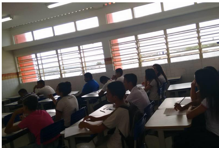
Figura 1: Alunos atentos à explicação na aula de revisão.

Primeira etapa: No primeiro momento da aplicação deste projeto os alunos participantes foram direcionados a um questionário diagnóstico dos conhecimentos prévios que eles tinham sobre as novas regras apontadas na Reforma da Previdência. Neste mesmo momento, dividimos nossa equipe de modo que cada um ficasse responsável por explicar cada assunto abordado na oficina, relacionando conteúdos do nosso cotidiano. Contamos com auxílio de uma apostila, onde elaboramos questões de conjuntos envolvendo resoluções de problemas do livro de Dante 2016, que foram contextualizadas com a temática da Reforma da Previdência Social para situá-los no tema da oficina através do uso de conteúdos envolvidos nas técnicas de cálculo dos elementos componentes das novas regras propostas pela reforma.
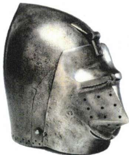
Arcvértes tornasisak, amelyhez eredetileg a vállat védő sodronyvért csatlakozott (14. század)

élelem elfogyott, helyszíni beszerzéssel, rekvirálással pótolták. Esetenként már a csata közben kiváltak egyesek a hadrendből, s elkezdték az ellenség táborát, a környék lakosságát fosztogatni. Ezt a hadvezetés általában „elnézte”, a szigorú büntetés könnyen az egész sereg felbomlásához vezethetett volna. (Persze az ellenség sem viselkedett másként.) Elvileg a katonának – főleg ha zsoldos volt – kellett a saját és beosztottai ellátásáról gondoskodnia. Drága fegyverzetét is saját magának kellett beszereznie. A zsold azonban bőséges volt (persze ha idejében kifizették...). Egy ló és a fegyverzet 15-20 aranyba is került Itáliában. Egy lovas katona havi 5-8 aranyat kapott – amikor egy bolognai egyetemi professzor havi 6 aranyat.

:: PROBLEM ::
All the material shown above is to be copied exactly, with no pictures carried over.

:: TASK SOLUTION ::
Figura 1: Alunos atentos à explicação na aula de revisão.

Primeira etapa: No primeiro momento da aplicação deste projeto os alunos participantes foram direcionados a um questionário diagnóstico dos conhecimentos prévios que eles tinham sobre as novas regras apontadas na Reforma da Previdência. Neste mesmo momento, dividimos nossa equipe de modo que cada um ficasse responsável por explicar cada assunto abordado na oficina, relacionando conteúdos do nosso cotidiano. Contamos com auxílio de uma apostila, onde elaboramos questões de conjuntos envolvendo resoluções de problemas do livro de Dante 2016, que foram contextualizadas com a temática da Reforma da Previdência Social para situá-los no tema da oficina através do uso de conteúdos envolvidos nas técnicas de cálculo dos elementos componentes das novas regras propostas pela reforma.
Arcvértes tornasisak, amelyhez eredetileg a vállat védő sodronyvért csatlakozott (14. század)

élelem elfogyott, helyszíni beszerzéssel, rekvirálással pótolták. Esetenként már a csata közben kiváltak egyesek a hadrendből, s elkezdték az ellenség táborát, a környék lakosságát fosztogatni. Ezt a hadvezetés általában „elnézte”, a szigorú büntetés könnyen az egész sereg felbomlásához vezethetett volna. (Persze az ellenség sem viselkedett másként.) Elvileg a katonának – főleg ha zsoldos volt – kellett a saját és beosztottai ellátásáról gondoskodnia. Drága fegyverzetét is saját magának kellett beszereznie. A zsold azonban bőséges volt (persze ha idejében kifizették...). Egy ló és a fegyverzet 15-20 aranyba is került Itáliában. Egy lovas katona havi 5-8 aranyat kapott – amikor egy bolognai egyetemi professzor havi 6 aranyat.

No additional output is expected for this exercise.